EmptyElementAttributes

ename, numAtts, [anamei, avaluei]*

Where:
ename is the element's qualified name
numAtts is the number of attributes, n
anamei is the ith attribute's qualified name
avaluei is the ith attribute's string value

9

EmptyElementNamespaceDecls

numMaps, [prefixi, urii]*,ename, numAtts, [anamei, avaluei]*

Where:
numMaps is the number of namespace maps
prefixi is the ith map's prefix's name
avaluei is the ith map's URI string value
ename is the element's qualified name
numAtts is the number of attributes
anamei is the ith attribute's qualified name
avaluei is the ith attribute's string value

10

ProcessingInstruction

target, data

Where:
target is the qualified name of the procession instruction target
data is the data associated with the named target

11

XMLDeclaration

version, standalone

Where:
version is a string giving the documents version, may be null
standalone is a string that is either "yes", "no", or null

12

DocumentTypeDeclaration

rootElementName, systemId, publicId

13

EntityReference

name

Where:
name is a string giving the name of the entity

14

Comment

data

Where:
data is a string with the comment's text

Appendix B: Analysis of "personal.xml" Conversion to CBXML

Following is a detailed analysis of the conversion of a simple xml file, "personal.xml", to "personal.cbxml". This analysis includes compression and parsing speed data.
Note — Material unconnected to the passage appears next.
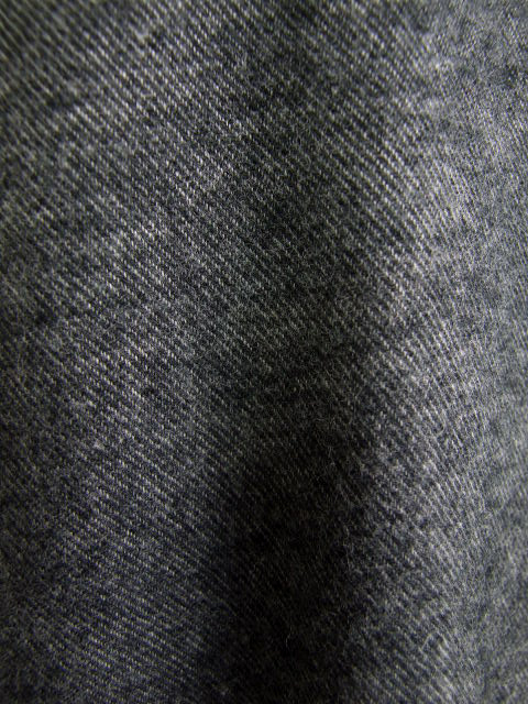 裏地なし。前メタルボタン。裾前後丈違い、ラウンドデザイン。

It also includes detailed analysis of the cbxml encoding of "personal.xml". This shows the exact sequence of bytes produced and describes the meaning of each.

Compression Data

Convert: personal.xml to personal.cbxml
 
Size Information:
    Size of XML source                     2097 bytes
    Size of CBXML                           723 bytes
    Reducing the source by                   65 %, or  2.9 times better.
    Size of zipped xml                      593 bytes
    Size of zipped cbxml                    576 bytes
    

Performance Results

All timing runs are for 300 iterations after a warm up of 500 iterations.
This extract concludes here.